Ask anyone who has tried to book a dermatologist lately and you will hear a similar story: long waits, full books, and a scramble to find someone taking new patients. In a country with the world’s highest skin cancer rates, that is more than an inconvenience.

The bottleneck is structural, and understanding it helps explain why getting skin issues looked at early matters so much.

A Small Workforce for a Big Problem

Australia simply does not have many dermatologists. Industry figures put the number at only around Dermatology Clinics Australia 600 nationally, and roughly 90 per cent of them are based in major metropolitan centres. The resulting shortage of dermatologists has left many patients facing waits of months.

That concentration leaves large parts of regional and outer-suburban Australia underserved, with reported waits stretching to many months in some areas. For a cosmetic concern, a long wait is frustrating but tolerable. For a changing mole, time is not a luxury.

The shortage is not because too few doctors want the specialty. It reflects limited training and supervisor positions in the public system, a pipeline issue that takes years to fix even once it is addressed.

The result is a system where demand consistently outstrips supply, and where patients increasingly need to be proactive rather than assume they can be seen quickly when something worries them.

How the Gap Is Being Bridged

Several developments are easing the squeeze. Teledermatology, where images and cases are reviewed remotely, has expanded access for people far from a specialist. Mixed models that combine in-person and remote review allow faster triage of urgent cases.

GPs also carry a large share of frontline skin work, particularly skin cancer checks, and many have developed real expertise. Dedicated skin clinics and specialist dermatology practices help absorb demand that the public hospital system cannot.

For patients, the practical lesson is to build a relationship with a skin clinic before there is an emergency, so that when something does change, there is already a pathway to assessment rather than a cold start on a long waitlist.
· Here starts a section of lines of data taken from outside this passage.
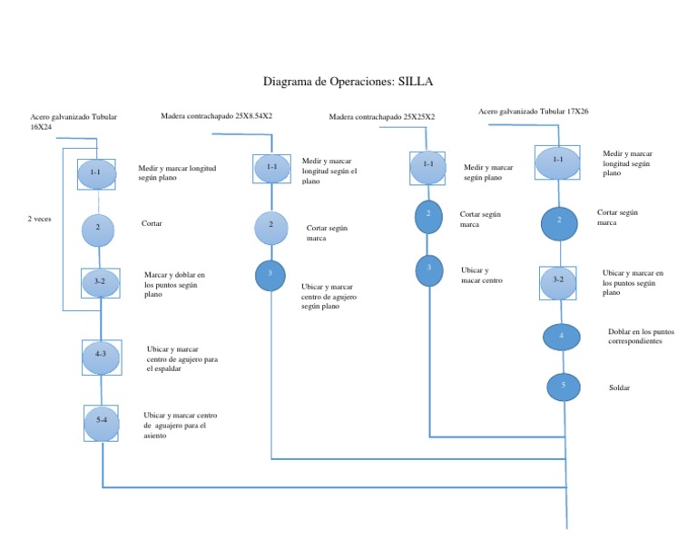 Puede además comprender cualquier otra información que se considere necesaria para el análisis. En este vídeo aprenderemos sobre Diagrama de Operaciones del Proceso DOP. SILLA Acero galvanizado Tubular 16X24 1-1 2 veces 2 3-2 Madera contrachapado 25X854X2 Med. Diagrama de Procesos de una silla. Sillas de madera metodo de trabajo.
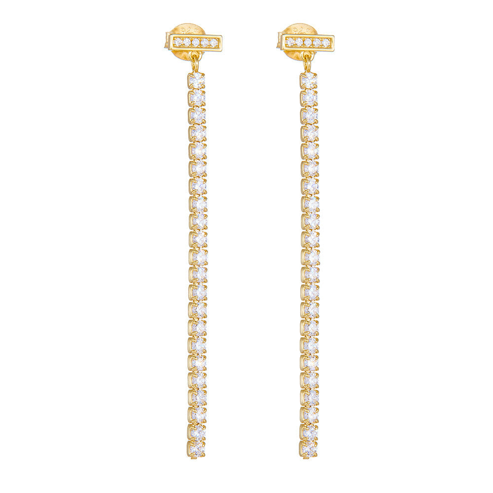 Add sophisticated style to your look with these luxurious Long Tassel Zircon Sterling Silver Drop Earrings. These unique earrings feature a long tassel inlaid with a row of dazzling zircons. Perfect for special occasions. these earrings will add a hint of exclusivity to your wardrobe.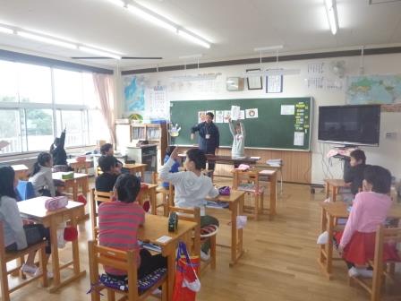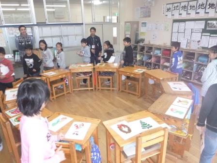 4年生がALTの先生と、クリスマスに関係するイラストを使ってゲームを楽しみながら英語に親しみました。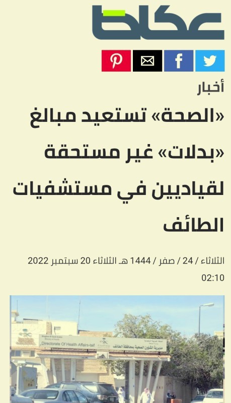 وكانت وزارة الصحة، قد خاطبت «صحة الطائف» بوجود 382 موظفاً صرفت لهم بدلات دون وجه حق، مطالبة بتوضيح أسباب الصرف وتزويدها بمن حصلوا عليها بموجب حكم قضائي؛ ما تسبب في إيقاف البدلات عن الجميع.

Being Proactive in a Stretched System

Given the access problem, the smartest approach is prevention and early presentation. Knowing your own skin, noting changes, and getting anything suspicious assessed promptly all matter more when the safety net is thin.
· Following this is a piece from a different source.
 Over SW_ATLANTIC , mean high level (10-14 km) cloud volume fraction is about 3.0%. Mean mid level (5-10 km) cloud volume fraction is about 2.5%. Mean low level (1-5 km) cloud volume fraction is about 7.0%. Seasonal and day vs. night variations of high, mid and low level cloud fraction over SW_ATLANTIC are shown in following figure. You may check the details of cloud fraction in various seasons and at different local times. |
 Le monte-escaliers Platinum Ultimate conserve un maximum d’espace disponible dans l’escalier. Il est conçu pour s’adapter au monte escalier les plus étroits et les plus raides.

It also helps to understand the referral pathway. In most cases a GP referral is needed to see a dermatologist, and an urgent referral for a suspicious lesion is generally prioritised over routine cosmetic appointments.

None of this replaces the need for more specialists, which remains a genuine workforce challenge. But within the system as it stands, patients who stay alert to changes and act early are the ones who navigate the bottleneck best.

The shortage is real and unlikely to vanish soon. Working around it means treating skin health as something to stay ahead of, not something to chase once a problem has already taken hold.